HIV: low drug resistance in Mumbai
R. PRASAD
Two years after starting the antiretroviral therapy (ART) for HIV infected people with a CD4 count less than 200, efforts are under way to understand drug resistance.
A threshold survey to understand drug resistance in people who have been recently infected was done last year in Mumbai and Kakinada, Andhra Pradesh.
A threshold survey is a preliminary study undertaken to check for drug resistance. It is done to see if a full-fledged large-scale study for drug resistance needs to be undertaken. The threshold survey undertaken in Mumbai included 47 HIV-infected individuals. “Only one person showed drug resistant mutation,” said Dr. R. Paranjape, Director of the National AIDS Research Institute (NARI), Pune. “This indicates very low drug resistance.”

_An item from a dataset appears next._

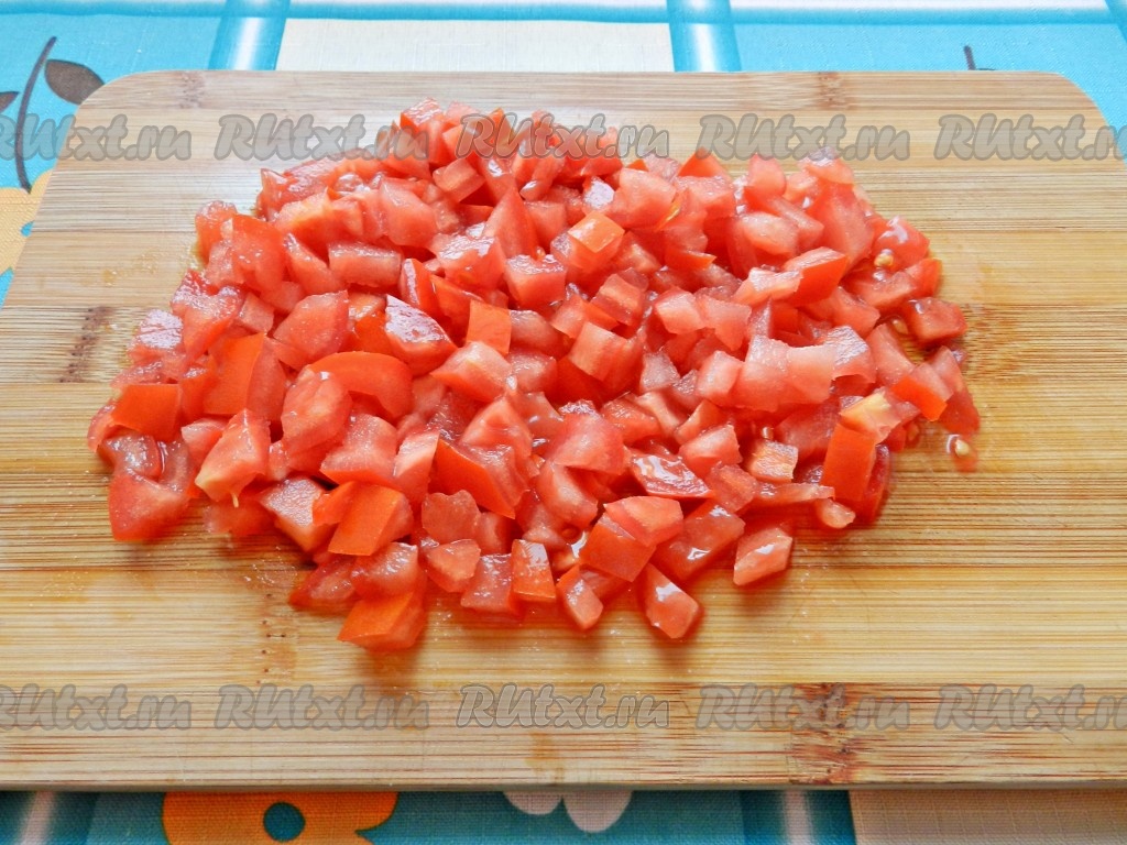 У помидоров удалить семена, мякоть нарезать.

In the case of Kakinada, 57 samples have been collected. Only ten have been tested, and none of the ten samples has shown any drug resistant mutation.
The very low prevalence of drug resistance in Mumbai indicates that drug resistant virus is not circulating in the general population.

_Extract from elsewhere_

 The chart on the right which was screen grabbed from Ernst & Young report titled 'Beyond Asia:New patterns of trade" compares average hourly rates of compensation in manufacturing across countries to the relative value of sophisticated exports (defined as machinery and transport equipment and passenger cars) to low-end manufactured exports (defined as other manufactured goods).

But Dr. Paranjape is cautious about drawing any conclusions based on the Mumbai results alone. “The result is from just one city,” he said. “And the possibility of some people who have not been recently infected being a part of the survey cannot be ruled out.”
Another study
Another study to study the prevalence of drug resistance in people who are on ART was started last year in Chennai and Mumbai. Hundred and fifty patients from each city were enrolled.
The plasma viral load to know the level of HIV in blood was done at the start of the one-year study.
Patients on ART should show reduced viral load. “Plasma viral load test will be done in those patients in whom the viral load has gone up,” Dr. Paranjape said.
Most of the patients in both the cities have completed one year after the initial viral load test. “Hopefully we will have the data in another 2-3 months,” he said.
The initiative to study drug resistance has been jointly undertaken by World Health Organisation (WHO), National AIDS Control Organisation (NACO), Delhi and NARI, Pune.